En la conciencia de Juan Olmedo, aquel momento, la aparición de un grupo de extraños, el estrépito del instrumental al desparramarse ordenadamente sobre el suelo, los desalentados cuchicheos que cesaron muy pronto para dar paso a las miradas abrumadas y a las palabras de pésame, se quedó grabado como un hito,
una raya en el tiempo, el final del día. Así lo recordaría siempre.
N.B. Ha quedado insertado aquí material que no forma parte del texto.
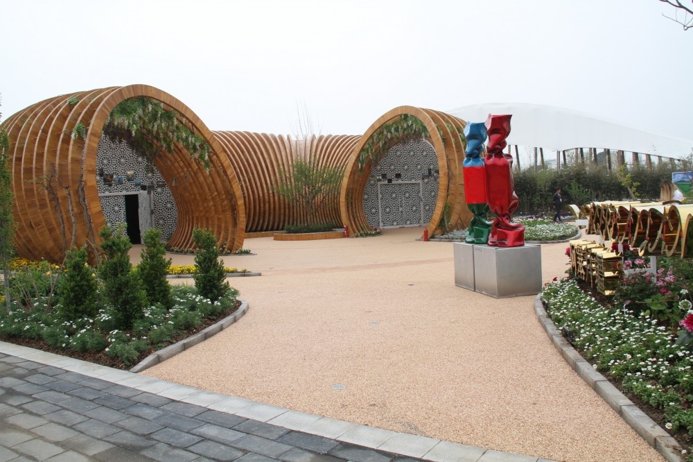 Azerbaijan`s participation was supported by the Heydar Aliyev Center and the Ministry of Ecology and Natural Resources. The national pavilion, called "Azerbaijan: Harmony of Nature and Art", featured a unique interior design demonstrating the customs and traditions of the country. The spiral shape of the pavilion symbolized Azerbaijan’s steady, stable development and dynamics.

Y recordaría después el día siguiente, un principio que se dilató hasta las primeras horas de la tarde, una resaca espantosa, la tortura de su cabeza apresada en un casco de hierro hecho a la medida de un niño de diez años, el cóctel de analgésicos al que recurrió para zafarse de él, y la ecuanimidad, la objetividad, la capacidad de comprender con exactitud lo que sucedía a su alrededor, lo que había sucedido ya, lo que podría suceder en el futuro, apremiándole como si nunca le hubieran abandonado. Entonces, Dami ya estaba con él. No podía verle, pero le veía, sabía que estaba ahí, a su lado, sentado en el bordillo de la acera, ante el portal de la casa de Villaverde donde vivían antes, vestido con una camiseta de rayas y unos pantalones cortos, el pelo castaño, seco y ondulado, casi rubio bajo el sol que le arrancaba reflejos dorados, y las manos concentradas en cualquier objeto, cualquier artefacto roto o estropeado que hubiera recogido por la calle y estuviera a punto de arreglar cuando levantaba la cabeza para mirarle, para sonreírle con sus labios cortados, sus dientes blanquísimos. Estaba ahí, con él, dentro de él, pegado a él, pero nunca podría saber de dónde había salido, cuándo se había deslizado por alguna grieta del tiempo imposible para sentarse a su lado, cómo había logrado la fantasmal proeza de aquella sonrisa que se instaló a vivir sin objeciones en el vacío absoluto de su conciencia.